§ Task objective: In full and word for word, copy the listing; no pictures belong in the copy.

§ Stored data:
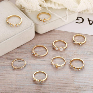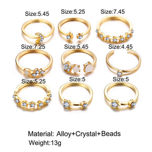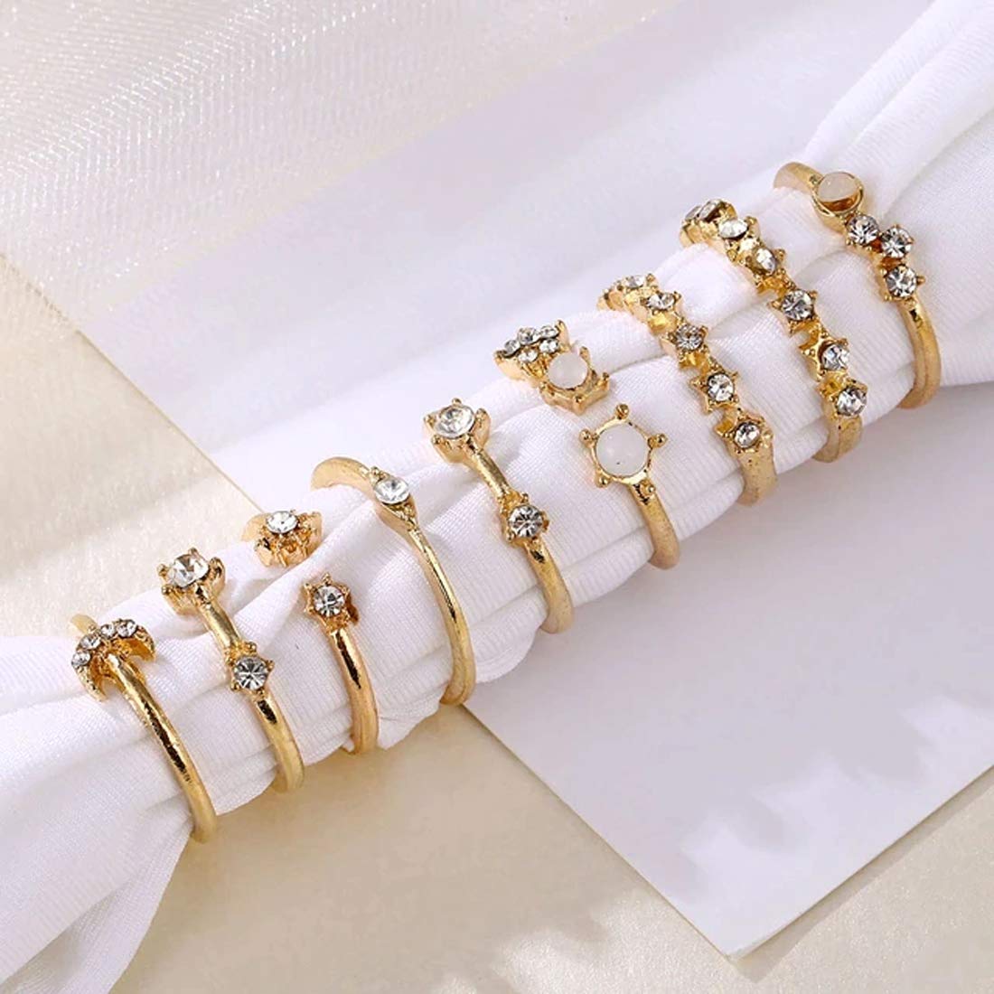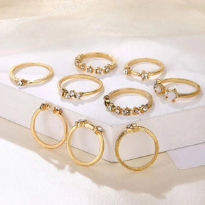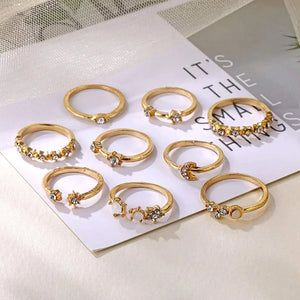 UNI-10168-33 - Moon & Star Sparkle Gold - Ring Set Of 9
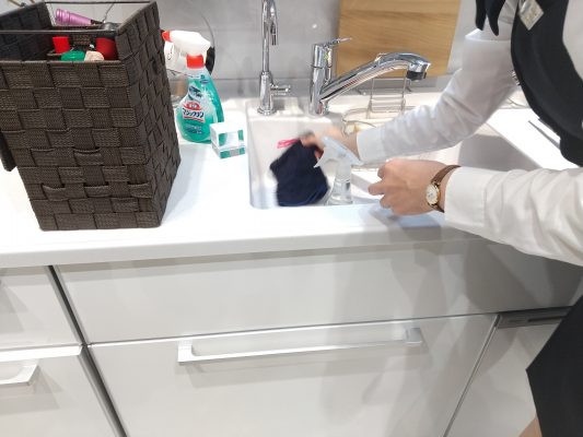 コロナの影響でショールーム滞在時間に制限があり、1回目では見えれなかったお手入れ方法も案内してもらいました。見た目やシンクと天板の継ぎ目がない事から、人大のシンクを選ばれてる方が多いですが、実際に汚れが付いた時はどうするのか、経年劣化した際のお手入れはどうしたらよいかなども聞きました。タカラさんのホーローキッチンはキレイに長く使える商品なので、シンクや天板も長くキレイに使いたいですもんね。
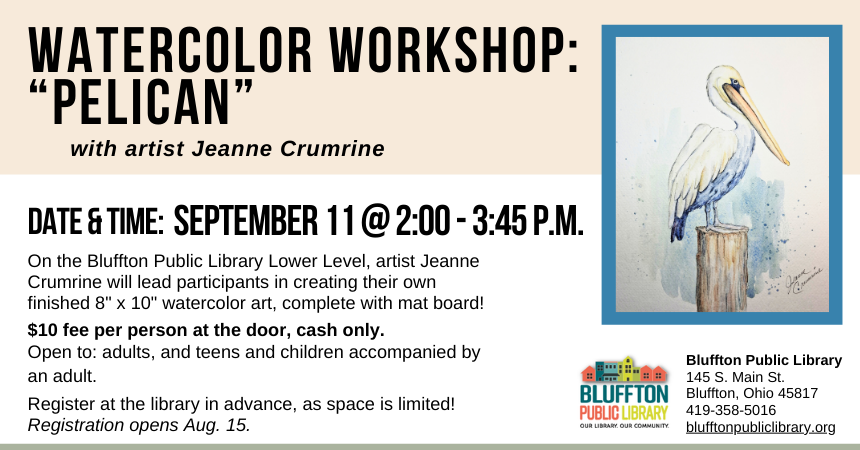 Watercolor Workshop: Pelican (R)($) will be held Thu., September 11 from 2:00 p.m. - 3:45 p.m. Local artist Jeanne Crumrine will teach on the lower level of the library. Walk away with your own watercolor piece of art, complete with mat!
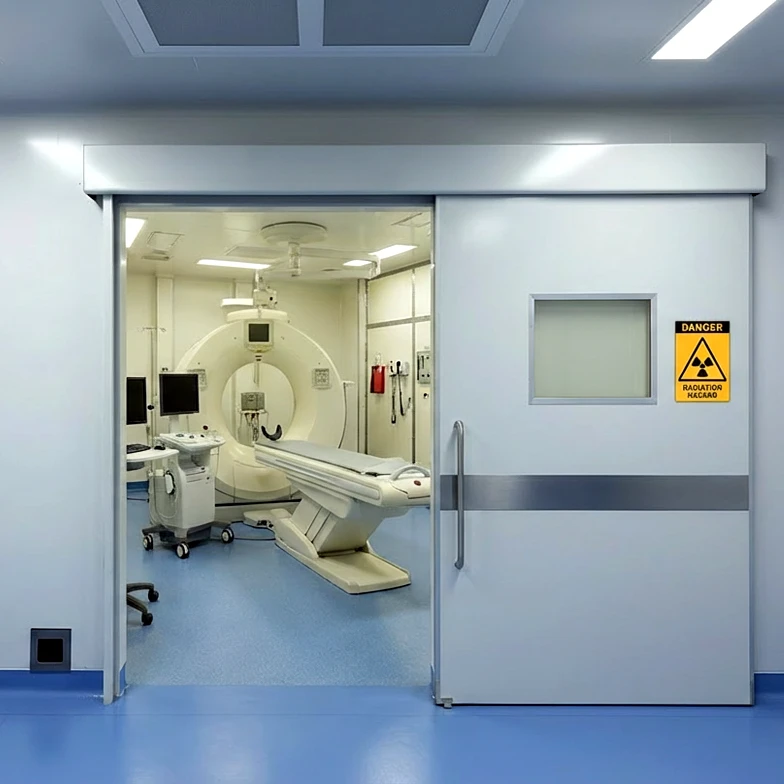 In summary, the radiation shielded door with glass combines the necessary radiation protection with enhanced functionality and safety features, ensuring a secure and efficient environment for both patients and healthcare staff in CT scan rooms. The door’s combination of lead lining, glass vision panel, automatic sliding system, and stainless steel finish makes it a crucial component in the hospital's radiation safety infrastructure.

§ Answer space:
 UNI-10168-33 - Moon & Star Sparkle Gold - Ring Set Of 9
 コロナの影響でショールーム滞在時間に制限があり、1回目では見えれなかったお手入れ方法も案内してもらいました。見た目やシンクと天板の継ぎ目がない事から、人大のシンクを選ばれてる方が多いですが、実際に汚れが付いた時はどうするのか、経年劣化した際のお手入れはどうしたらよいかなども聞きました。タカラさんのホーローキッチンはキレイに長く使える商品なので、シンクや天板も長くキレイに使いたいですもんね。
 Watercolor Workshop: Pelican (R)($) will be held Thu., September 11 from 2:00 p.m. - 3:45 p.m. Local artist Jeanne Crumrine will teach on the lower level of the library. Walk away with your own watercolor piece of art, complete with mat!
 In summary, the radiation shielded door with glass combines the necessary radiation protection with enhanced functionality and safety features, ensuring a secure and efficient environment for both patients and healthcare staff in CT scan rooms. The door’s combination of lead lining, glass vision panel, automatic sliding system, and stainless steel finish makes it a crucial component in the hospital's radiation safety infrastructure.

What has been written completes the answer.